Realizing that I had spoken the unspeakable, I started to blubber an apology. Ethel stopped me. “I’s the one tha’s sorry, honey. I never been
so sick as I been since Dennis died. Big Early, he tol’ me that I gotta pull myself together. He say you chil’ren is my responsibility and I’m lettin’ ya’ll down. And no, honey, I don’ think it’s OK to get drunk an’ leave ya’ll.”
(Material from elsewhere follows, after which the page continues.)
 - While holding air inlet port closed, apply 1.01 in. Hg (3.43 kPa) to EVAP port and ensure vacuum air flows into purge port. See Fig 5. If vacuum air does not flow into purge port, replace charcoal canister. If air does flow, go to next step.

We had gotten to the end of the drive. She steered us over to the sidewalk, never letting go of my hand. “C’mon, we’s goin’ for a walk.” We walked past the Dabneys’ house, down to the end of the street, and then turned to go around the block past the woods Gordy liked playing in past Mr. Gentry’s house. Finally she brought us to a stop under a maple tree whose leaves were past yellow and eased her self down onto the grass. She patted her lap for me to sit down too, and then she put her arms around me and began to talk slowly and deliberately. As she talked, it was as if a door, which had always remained just cracked, was flung open wide before me. She had always given me her love. That much I knew because that’s what she did: she gave her love—to heal possibly; probably she didn’t know how else to be. Now she was offering me her life, too; that was different and I knew it was important. I curled into her, my legs dangling, and listened.
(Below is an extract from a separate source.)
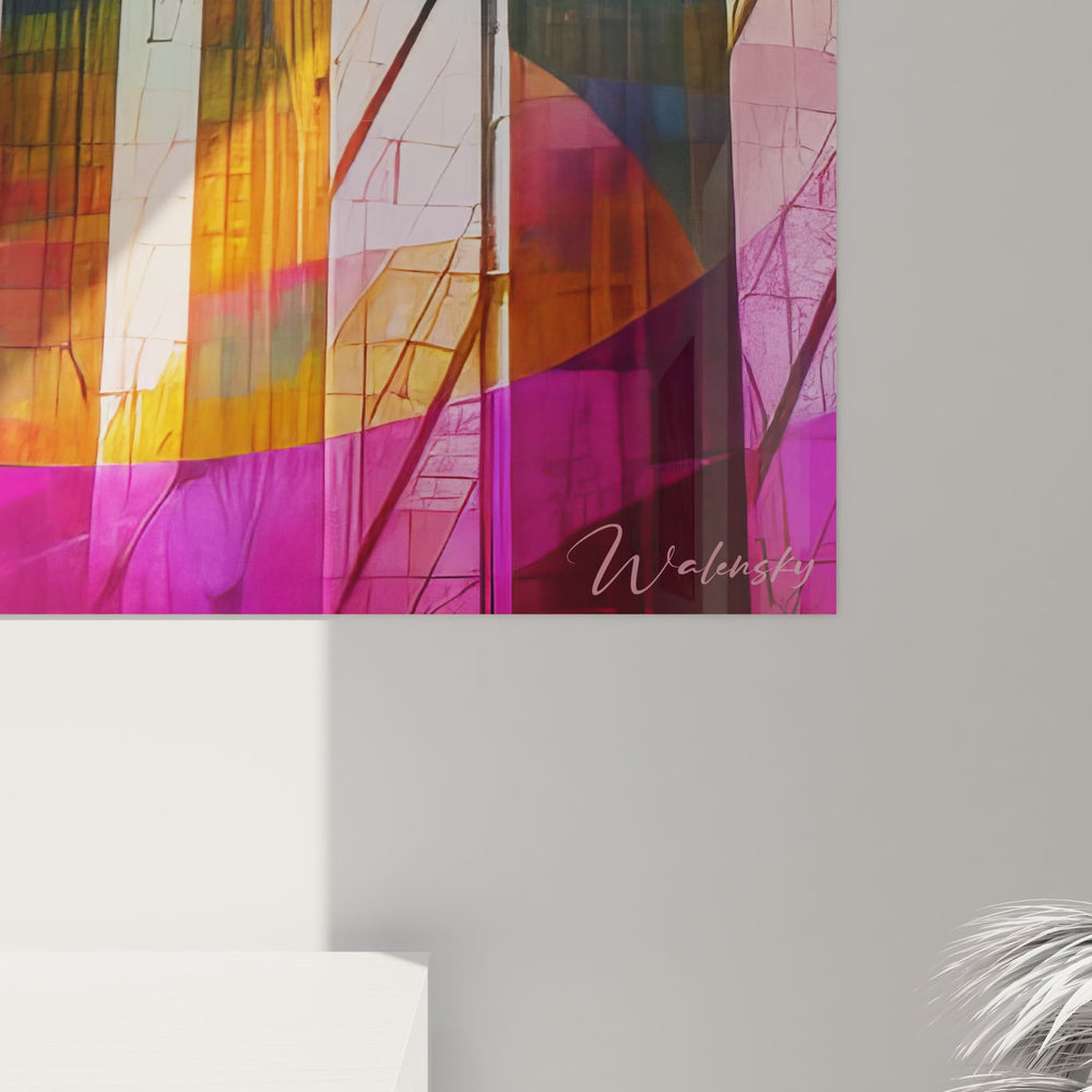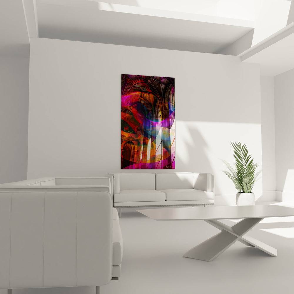 La palette chromatique de ce tableau art gothique moderne oscille entre les roses fuchsia, les oranges lumineux et les violets profonds, créant un contraste saisissant avec l'architecture traditionnellement austère des cathédrales gothiques. Ces couleurs évoquent la transcendance spirituelle et la lumière divine filtrant à travers les vitraux, symboles de l'élévation de l'âme vers le divin dans l'art gothique.

“I was fourteen years old when I come to work for yo’ granddaddy’s family, Miss Sallee. It was just a few days a week when I didn’ have nothin’ to do at the boardin’house; helpin’ my mother in the kitchen, mostly. Turned out to be one of them little decisions that don’t seem like much at the time, but ends up changing yo’ life…”

E
PILOGUE

Ethel

S
ho’ do wish I could say that I held to that promise I done made to Sallee and myself that day. Lord knows I tried, but I fell off the wagon a time or two, what with my feelin’ like I done Mista Joe and the chil’ren a bad turn. Then when I gets to thinkin’ ‘bout lil’ Denny and Miss Ginny, and what I could’da done different—the nights they gets mighty long and lonely. The devil, he commences to whisperin’ in my ear, “Just a little will make ya feel better. Go on now, won’t hurt none.” I listened, called in sick too. The hangover weren’t nothin’ compared to how I felt when I saw the sufferin’ in my babies’ eyes. I told ol’ Slewfoot to get behind me right then and there. I still have to tell him pretty regular.
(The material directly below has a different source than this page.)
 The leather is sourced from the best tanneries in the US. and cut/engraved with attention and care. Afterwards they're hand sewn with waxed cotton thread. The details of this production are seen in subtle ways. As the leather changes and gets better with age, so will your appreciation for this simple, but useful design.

Miss Ginny kept up her drinkin’. Try as I might there wasn’t nothin’ I could do ‘bout it. I knew how it felt to lose a baby, though mines never got born, and Denny might as well be mine, for as much as I loved him. Mama say “Feelin’ sorry for her or yo’ own self ain’t gon’na make a lick of difference.” Then with that steel in her voice and love in her eyes she say, “It sho ain’t gonna help the other chil’ren, so yo’ best be gettin’ hold’da yo’self.”

So when the nights is long, and I start feelin’ like I didn’t help nobody no way, especially my own self, and ol’ Slewfoot starts a whisperin’, I reminds myself that my chil’ren needs me more than I needs a drink. Change comes slow, but it do come.